What’s Old Is New Again: Mint Theater Revives “The Daughter-in-Law”

In years past I have seen several plays performed in foreign (to me) languages. “Death of a Salesman” and “Fiddler on the Roof,” both familiar works, were perfectly clear in Yiddish, while Ionesco’s “The Bald Soprano” (so-titled from an actor’s line-flub) was no less comprehensible in French than in English.

Now along comes Mint Theater Company’s production of David Herbert (D. H.) Lawrence’s “The Daughter-in-Law,” through March 20 at New York City Center’s Stage II. And, okay, it is not really in a foreign language, but rather “an East Midlands dialect…rich in Old English and lingering Norse influence from the centuries when this part of England was under the rule of Vikings.” (Thank you, dramaturg Amy Stoller.)

The hearty dialect takes a few minutes to parse before settling into an accessible source of the play’s aural pleasures. Miss a word here or there? Doesn’t matter a whit. Delivered by a superb cast, the dialect takes on a lilt, a musicality that draws you in and carries you along with the emotionally absorbing story it explores.

The Mint’s mission, to find and produce long dismissed or forgotten plays, has never been better served. “The Daughter-in-Law,” written in 1913, was not produced until 1967, thirty-seven years after Lawrence’s bitter, wrenching death from tuberculosis at age 45. Structured around a young couples’ domestic tensions, the play touches on labor issues (a pending miners’ strike), wifely obligations within a marriage’s balance-of-power, and a stirring Freudian-infused takedown of maternal overreach.

Sandra Shipley, left, and Amy Blackman as mother- and daughter-in-law.      [Photos: Maria Baranova]

If casting is, as a director friend has written, eighty-five percent of directing, “The Daughter-in-Law” director Martin Platt had an easy go of it once rehearsals commenced. Even before exhibiting their considerable acting chops, the players’ looks and presentments reflect the era and the Erewash Valley coal-mining town of Eastwood, where D. H. Lawrence was born and raised.

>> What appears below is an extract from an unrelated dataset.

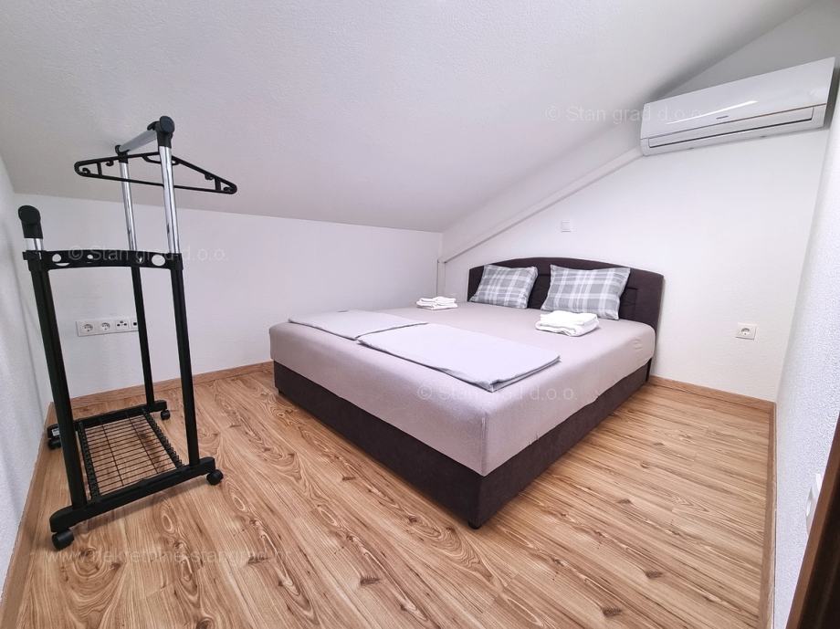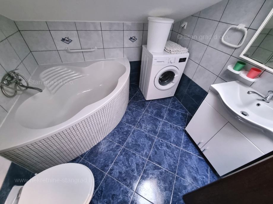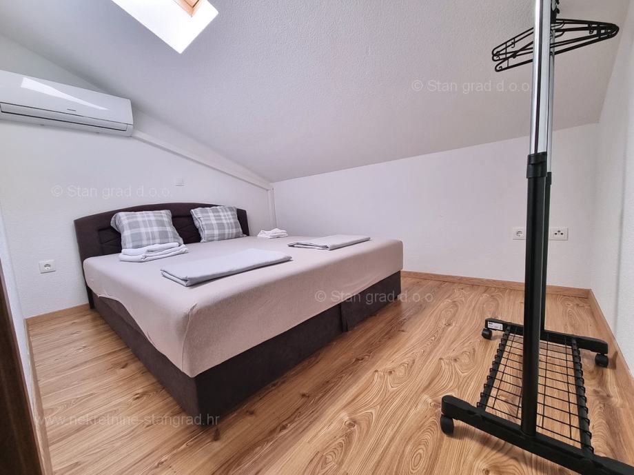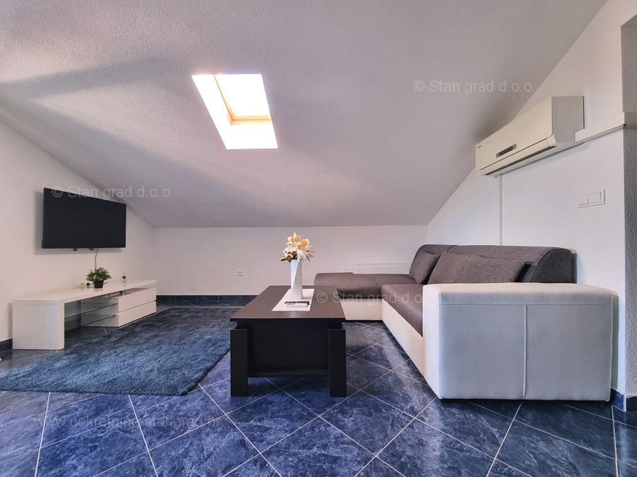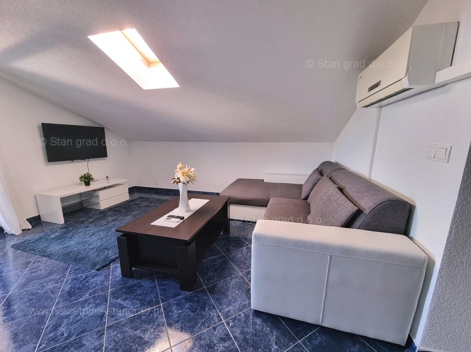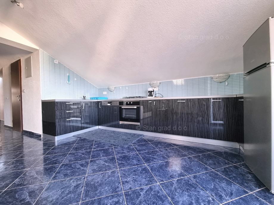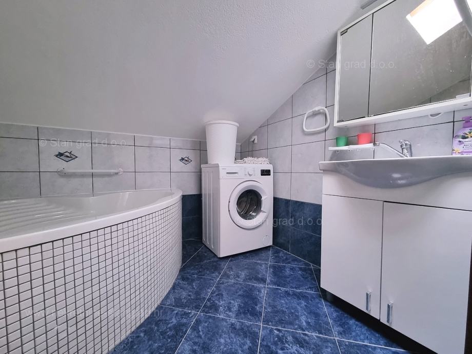 Unutar tradicionalno atraktivne hrvatske jadranske turističke regije otok Krk nudi se uređen i dobro održavan apartman za turistički boravak ili stanovanje. Ovaj je apartman smješten u šarmantnom naselju na vrhunskoj lokaciji nedaleko mora i grada Krka. U naravi je to vrlo prostrani i komforni jednoetažni apartman. U lijepoj zgradi dobre kvalitete, apartman je smješten u potkrovlju. Površina ovog apartmana iznosi ukupno 82 m2. Unutar navedene površine su dnevni boravak i kuhinja, 3 spavaće sobe, kupaonica i terasa. Unutarnji prostori nekretnine su osobito dobro održavani te u potpunosti opremljeni potrebnim tehničkim uređajima i vrlo kvalitetnim namještajem. Nužno je podvući i to da je apartman vezan s pripadajućim manjim i dobro uređenim dvorištem. Vlasnik apartmana na raspolaganju će imati jedno parkirno mjesto. Povrh navedenog, može se napomenuti i da je apartman orijentiran tako da pruža lijep pogled na simpatičan primorski krajolik i bližu okolicu naselja. Predmetni je apartman u vlasništvu fizičke obveze i kod prijenosa vlasništva podliježe obračunu poreza na promet nekretnina u visini 3%. Prodavatelj nekretnine garantira brz prijenos vlasničkih prava te urednu vlasničku i tehničku dokumentaciju. Vaš partner Stan Grad Immobilien srdačno će vas dočekati na Kvarneru i pobrinuti za Vaš siguran i uspješan osjećaj kupovine nekretnine. Osim pronalaska i pokazivanja nekretnine, posrednik Stan Grad Immobilien asistirati će vam u svim potrebnim radnjama vezanim za prijenos vlasništva i preuzimanje nekretnine.

My friend had not factored in the actors needing to acquire fluency in a far-removed variation of their native language, which no one in the company had ever before encountered. Platt’s ideal cast has succeeded beyond measure; they speak the dialect as if born to it.

Polly McKie as Mrs. Purdy, bearer of inconvenient news

Mrs. Gascoyne and her son Joe ’s conversation about Joe being denied disability payment for his arm injury (“I did it wi’ foolery , an’ not wi’ work,” he explains) is interrupted by a visit from their neighbor Mrs. Purdy, who informs them that her youngest daughter Bertha is pregnant – by the other Gascoyne son, Luther (Tom Coiner), himself married just seven weeks to Minnie (Amy Blackman).

Mrs. Purdy and Bertha will put it on “one o’ them electricians as was along when they laid th’ wires under the road…” for forty pounds (the apparent going rate), a sum beyond anyone’s ability to pay. Except for Luther’s seven-week bride Minnie, who had inherited a hundred pounds from her deceased uncle. And so the plot thickens: to pay or not to pay…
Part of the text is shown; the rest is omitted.